Cela fait un an que Microsoft a annoncé son intention d’acheter Activision Blizzard pour 68,7 milliards de dollars, mais rien n’indique que l’opération sera bientôt conclue.

En fait, la Commission européenne devrait bientôt mettre un nouveau bâton dans les roues, en refusant d’entendre les recours de Microsoft avant de publier ses propres conclusions en matière d’antitrust. Et, bien que cela puisse ne pas s’avérer être un coup fatal, cela pourrait retarder davantage le processus.

Le propriétaire de la Xbox est déjà confronté à une bataille juridique aux États-Unis au sujet de l’acquisition, la Federal Trade Commission poursuivant le géant du jeu pour bloquer potentiellement l’opération. Selon Reuters, l’autorité de régulation de l’UE va soumettre son propre “avertissement” concernant l’offre. Selon des “personnes connaissant bien le dossier”, elle prépare une fiche d’accusation appelée “communication des griefs”.

Microsoft avait espéré éviter cela en devançant les préoccupations et en soumettant des remèdes qui pourraient être acceptables pour la Commission, raccourcissant ainsi considérablement le processus.
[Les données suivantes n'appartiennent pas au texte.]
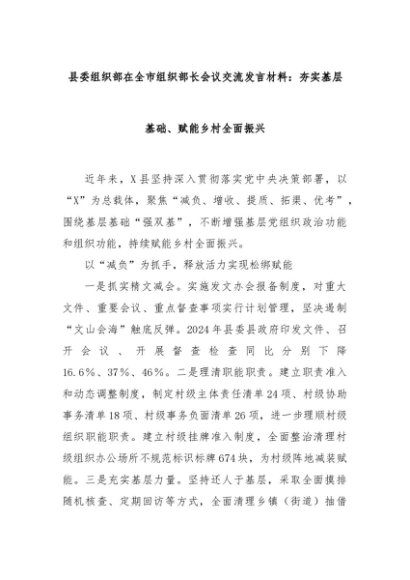 【七哥公文】2025年:县委组织部在全市组织部长会议交流发言材料:夯实基层基础、赋能乡村全面振兴+更多免费公文+VX:QiGeGongWen2024

Cependant, cette possibilité a été refusée, et il est donc probable que l’UE ne prendra pas de décision avant la date limite du 11 avril qu’elle a elle-même annoncée.

“Nous continuons à travailler avec la Commission européenne pour répondre à toutes les préoccupations du marché. Notre objectif est de proposer davantage de jeux à un plus grand nombre de personnes, et cet accord nous permettra d’atteindre cet objectif”, a déclaré Microsoft.

Les plus grandes inquiétudes concernant l’accord avec Activision Blizzard semblent concerner une seule série de jeux, Call of Duty. Sony a fait valoir que Xbox pourrait monopoliser le titre le plus vendu, bien que Phil Spencer, le patron de Xbox, et son équipe s’y opposent. Ils affirment que des accords visant à garder le jeu sur PlayStation pendant au moins la prochaine décennie ont été proposés, sans réponse. Des accords similaires pour le mettre sur Nintendo Switch et le garder sur PC (via Steam) ont toutefois été signés.

Dans l’intervalle, Activision continue d’opérer en tant qu’éditeur majeur distinct, bien qu’il n’ait pas encore annoncé les futurs jeux qu’il a en développement au-delà des packs de contenu et des extensions de saison de Call of Duty : Modern Warfare 2.